Un après-midi à la mi août, Severus faisait une promenade dans le quartier car il avait besoin de faire une pause loin de sa mère. Elle dormait paisiblement et il avait protégé la maison afin d'être sûr que personne ne puisse y entrer et qu'Eileen ne puisse en sortir. Il détestait avoir à recourir à ce genre de chose mais c'était pour son bien à elle tout aussi bien qu'à lui.
Eileen n'avait pas eu d'autre épisode comme le jour où elle avait appelé Severus par le prénom de son père. Elle avait des moments de lucidité mais elle ne semblait pas faire beaucoup de progrès d'une manière générale ce qui était décourageant pour Severus.

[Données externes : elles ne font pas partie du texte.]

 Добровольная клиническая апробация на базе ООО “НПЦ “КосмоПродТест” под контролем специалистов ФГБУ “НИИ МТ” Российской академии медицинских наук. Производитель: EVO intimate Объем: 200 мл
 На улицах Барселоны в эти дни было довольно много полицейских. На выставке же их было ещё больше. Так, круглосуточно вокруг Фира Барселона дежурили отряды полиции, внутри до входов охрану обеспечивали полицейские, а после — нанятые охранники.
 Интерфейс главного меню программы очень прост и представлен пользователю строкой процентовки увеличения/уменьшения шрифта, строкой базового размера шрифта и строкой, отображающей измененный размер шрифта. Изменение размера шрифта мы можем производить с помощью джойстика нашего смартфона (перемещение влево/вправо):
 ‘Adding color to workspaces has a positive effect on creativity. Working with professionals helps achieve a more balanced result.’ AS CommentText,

Il estimait qu'il faisait tout son possible pour l'aider et à chaque fois elle se laissait tomber dans son état amorphe et il se demandait si elle serait de nouveau bien un jour. Sa suggestion d'il y a quelques semaines de lui redonner une baguette lui semblait ridicule. Comment Eileen pourrait être capable d'en gérer une de nouveau, pouvait-on vraiment la laisser seule ?

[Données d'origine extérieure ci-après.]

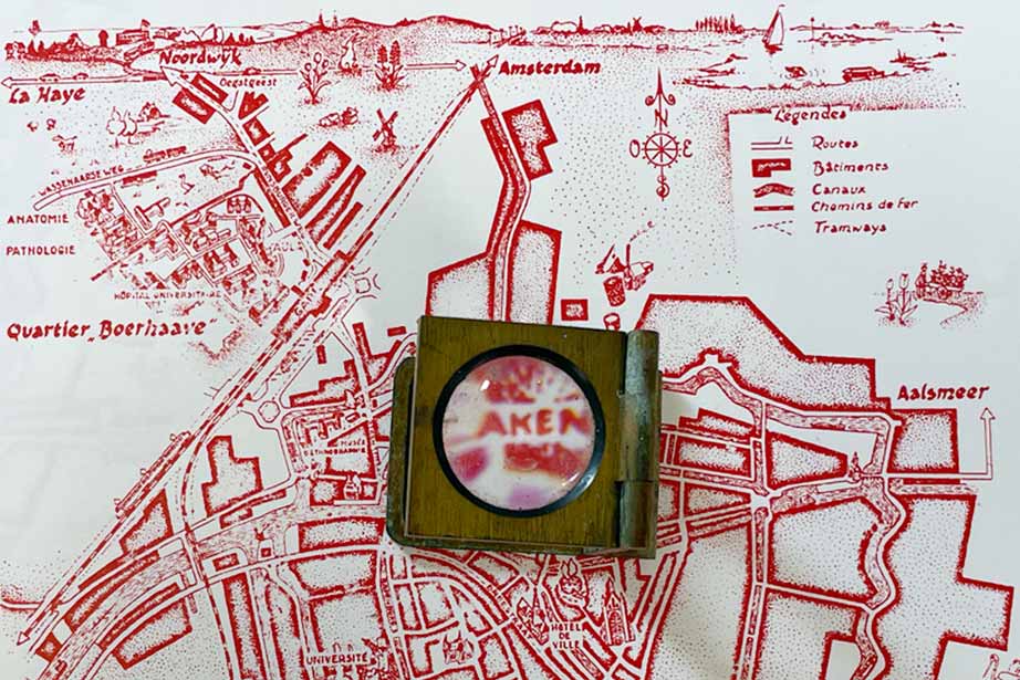 Mijn naam is Job Aarents, Van 1993 tot 2019 was ik Anatomisch preparateur aan het Anatomisch Laboratorium van het LUMC. Toen  wij in 2006 verhuisden naar een nieuw gebouw, waar veel minder ruimte beschikbaar was dan in de oudbouw, moest er rigoureus opgeruimd worden in een tamelijk korte tijd. Hetgeen betekende dat er hier en daar, door tijdsdruk, wel eens iets te snel in de afvoer container belande. Zo kwam het dat ik in het voorbijgaan in een oogwenk iets leuks dacht te zien in genoemde container. Het bleek een cliché te zijn, maar ik kon niet direct zien waarvan. Een vermoeden had ik wel, namelijk de stad Leiden maar meer ook niet. Ik heb voor de zekerheid toestemming gevraagd aan de toenmalige Hoogleraar of ik het mocht meenemen, ik kreeg haar toestemming.

Lorsque Severus tourna à un coin de rue, il remarqua un bus des transports en commun qui freinait et s'arrêtait pour prendre des passagers. Il avait déjà vu les bus auparavant mais il n'y avait jamais vraiment pensé, et cette fois, il se maudit lui-même d'avoir été si stupide. Alors que Lily et lui avaient recherché un moyen de transport pour l'établissement de sa mère, il existait à moins de cinq pâtés de maisons de chez lui un arrêt de bus !
Et Lily dit que tu es brillant, se moqua intérieurement Severus.
La flamme s'alluma à l'intérieur de lui. Il avait désormais un moyen de mettre Eileen dans une institution spécialisée ! Maintenant, restait le problème de la convaincre et c'était quelque chose que faisait Severus tous les jours en essayant d'en parler avec elle depuis qu'il avait abordé le sujet. La plupart du temps, Eileen ne répondait pas, non parce qu'elle ne comprenait pas mais parce qu'elle avait choisi d'agir ainsi.
Severus rentra chez lui et fit quelque chose qu'il ne faisait que très rarement. Il utilisa le téléphone pour appeler Lily.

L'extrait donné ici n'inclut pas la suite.